Thailand fights cancer-causing parasitic worms


Health authorities in northeast Thailand plan to screen people for fluke worms to detect early signs of bile duct cancer, a deadly disease linked to eating uncooked freshwater fish.
Rivers in northeast Thailand, Vietnam, Laos, Cambodia, the Koreas and China are infested with the tiny parasitic worms which find their way into the human body when seafood is eaten raw.
According to the World Health Organization, 67 million people are at risk of this worm and 9 million are infected in Cambodia, Laos and the northeastern parts of Thailand and Vietnam.
Most of the infected people are men and they can develop bile duct cancer by the time they are 40 or 50.
"Everyone above 30 years of age will get an annual stool examination to screen (for fluke eggs). Those who are infected will be treated (with drugs)," said Pongsadhorn Pokpermdee, health economist and public health deputy for Nongbualanpoo province in the northeast.
"Those who are over 40 and found infected will get an ultrasound to detect any signs of tumor (early cancer)," he told Reuters in an interview.
Any tumor detected will be surgically removed, he added.
While the cancer is a leading cause of death in the Mekong region, the screening program will start in Nongbualanpoo province, Pongsadhorn said.
Just one tablet of praziquantel, which is given free, can get rid of the worms but that does not solve the problem as people get infected repeatedly if they continue to eat raw seafood.

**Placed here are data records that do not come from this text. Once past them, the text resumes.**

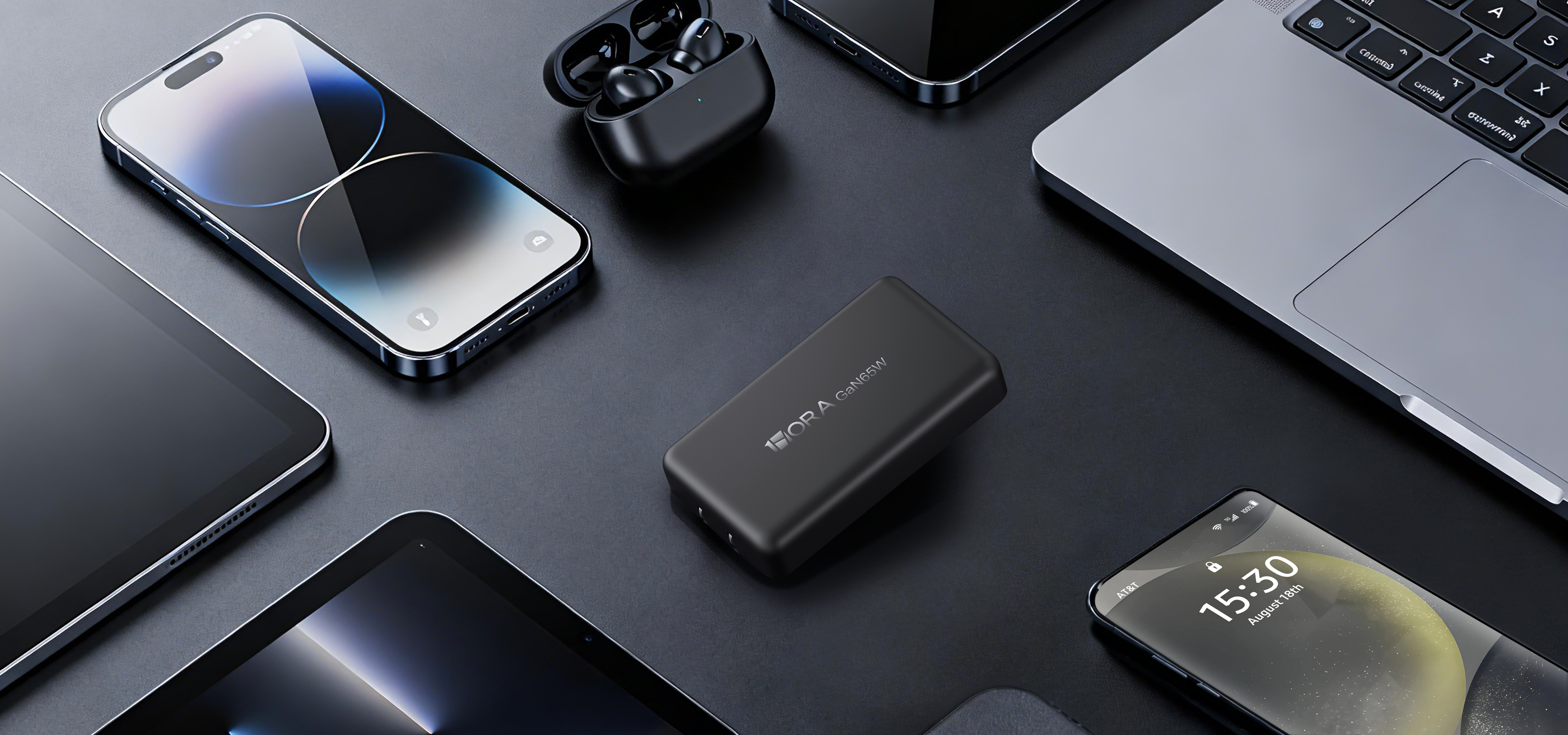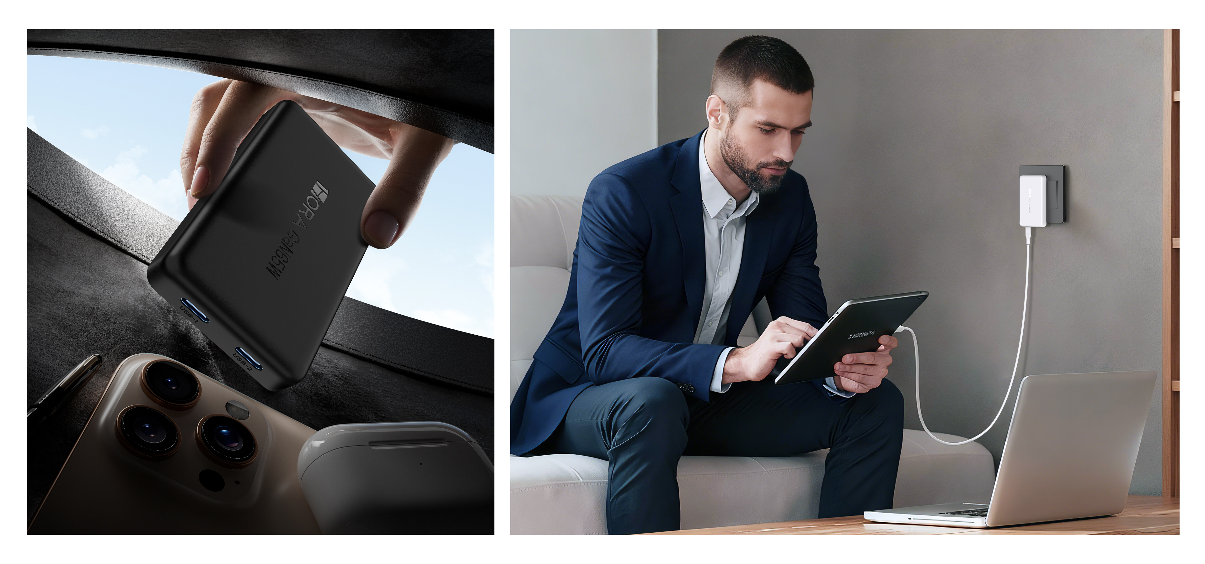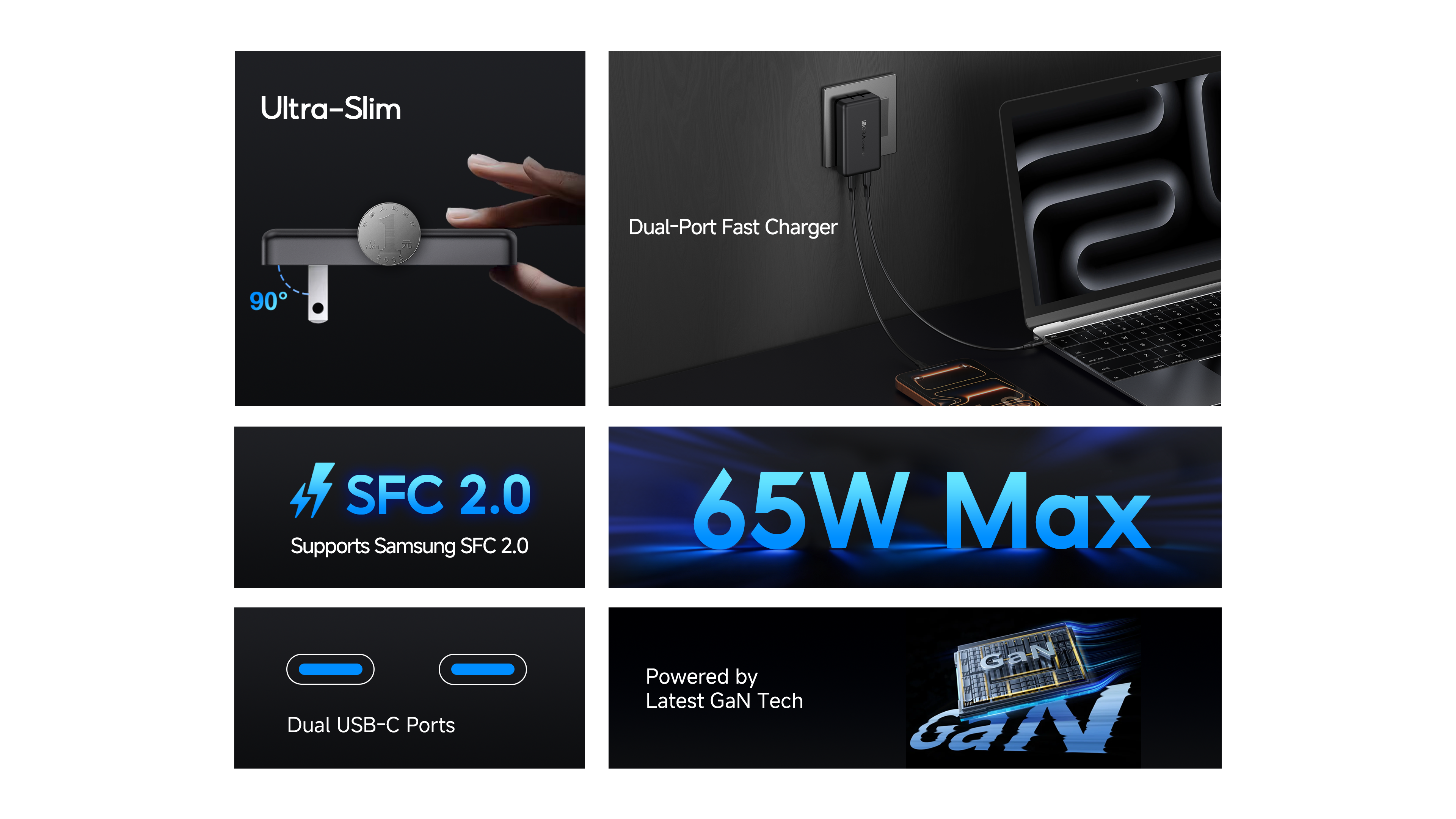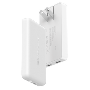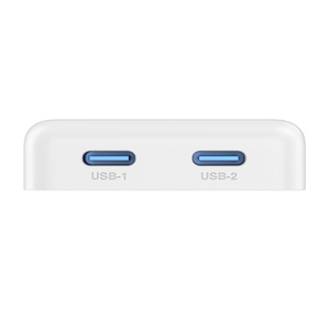 Compact GaN wall charger with dual USB-C ports delivering up to 65W max output. Fast-charge laptops, tablets, and phones with wide 100–240V input and the included 1m Type-C to Type-C cable—perfect for home, office, and travel.
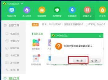 第五步可以看到弹出框确定是否删除桌面助手,点击确定,如下图所示:
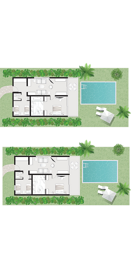 Sublime villa accommodation, equipped with private access to its own swimming pool, combines modern comforts with appealingly luxurious touches and aesthetics. The interiors feature generous living space with two separate sleeping quarters and a spacious lounge area.

The plan is in line with Thailand's overall goal to provide better disease prevention health services at a time when its people are living longer and increasing numbers of them are crippled with chronic, non-communicable diseases that take far longer to treat and are more expensive to treat.
"This is the top cause of mortality for this province, higher than heart disease, stroke," said Pongsadhorn.
"It is a neglected disease that affects mainly poor people ... if left untreated, it can develop into cancer in 10 to 20 years," he said, adding that it affected more men than women in a ratio of 3:1.
"The disease affects mostly men in their 40s and 50s ... it affects the family because they are heads of families and they can't work once they have cancer," Pongsadhorn said.
A raw fish dish, called Koi-pla, is not only a culinary favorite in the Mekong, it has also found its way into other parts of Asia, such as Hong Kong and Singapore, because of the popularity of Thai cuisine.
The fluke, which has two suckers, attacks the human bile duct by biting on its wall, which causes ulcers and cancers years later.
Bile duct cancer, or cholangiocarcinoma, is usually diagnosed at an advanced stage because symptoms surface late.